An object is projected from a satellite orbiting 200 km above the surface of the earth. The object has a speed relative to the Earth of 2.85×104 m/s. What is its speed when it is very far from the earth?
find the GPE of the satellite at 200km . Add that to the KE at 200km. Then, assume it is all KE, find v.
GPE= GMe*m/d where d is distance from center of earth.
v=sqrt(2(-GM/d)+1/2(vi^2)) based on conservation of energy (gravitational potential energy and kinetic energy).
To determine the speed of the object when it is very far from the Earth, we need to consider the principle of conservation of mechanical energy. When the object is near the Earth's surface, it possesses both kinetic energy and gravitational potential energy. As it moves higher, the potential energy increases while the kinetic energy decreases.
Given:
Height of satellite above the surface of the Earth (h) = 200 km = 200,000 m
Speed of the object relative to the Earth (v) = 2.85 × 10^4 m/s
To find the speed of the object when it is very far from the Earth, we assume that the object has reached a point where its gravitational potential energy is negligible. At that point, its total mechanical energy is equal to its kinetic energy.
The equation for the total mechanical energy (E) is given by the sum of kinetic energy (K) and gravitational potential energy (U):
E = K + U
When the object is at the surface of the Earth, its kinetic energy is given by:
K = (1/2)mv^2
where m is the mass of the object.
The gravitational potential energy is given by:
U = mgh
where g is the acceleration due to gravity and h is the height above the surface.
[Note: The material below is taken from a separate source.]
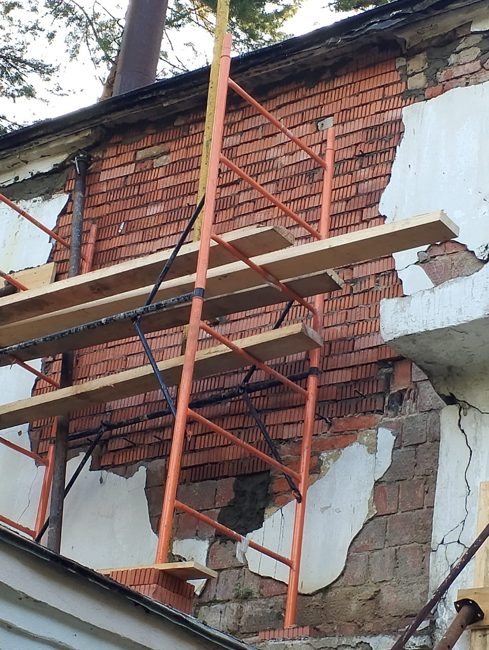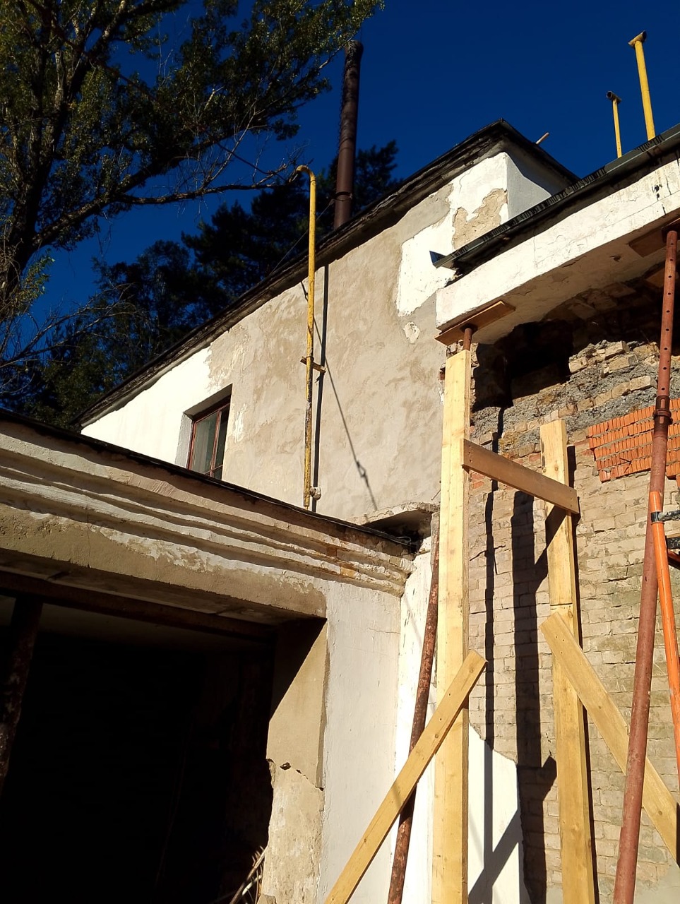 Выполненная работа: Реставрация зданий и сооружений санатория. Усиление, восстановление кирпичной кладки. Восстановление опалубки. Усиление стен. Отделочные работы. Ремонт и гидроизоляция кровли

Since the mass of the object cancels out, we can rewrite the equation as:
E = (1/2)v^2 + gh
Now we can find the total mechanical energy when the object is near the Earth's surface:
E1 = (1/2)(2.85 × 10^4)^2 + (9.8)(0)
As the object moves far away from the Earth, its height (h) becomes very large. At this point, we assume that the gravitational potential energy is negligible compared to the kinetic energy, so the equation becomes:
E2 ≈ (1/2)v^2 + (9.8)(∞)
Since (∞) is undefined, we can say that E2 ≈ (1/2)v^2
Since energy is conserved, E1 = E2:
(1/2)(2.85 × 10^4)^2 + (9.8)(0) ≈ (1/2)v^2
Now we can solve for v:
(1/2)(2.85 × 10^4)^2 ≈ (1/2)v^2
(2.85 × 10^4)^2 ≈ v^2
v ≈ ±2.85 × 10^4 m/s
Therefore, the speed of the object when it is very far from the Earth is approximately ±2.85 × 10^4 m/s.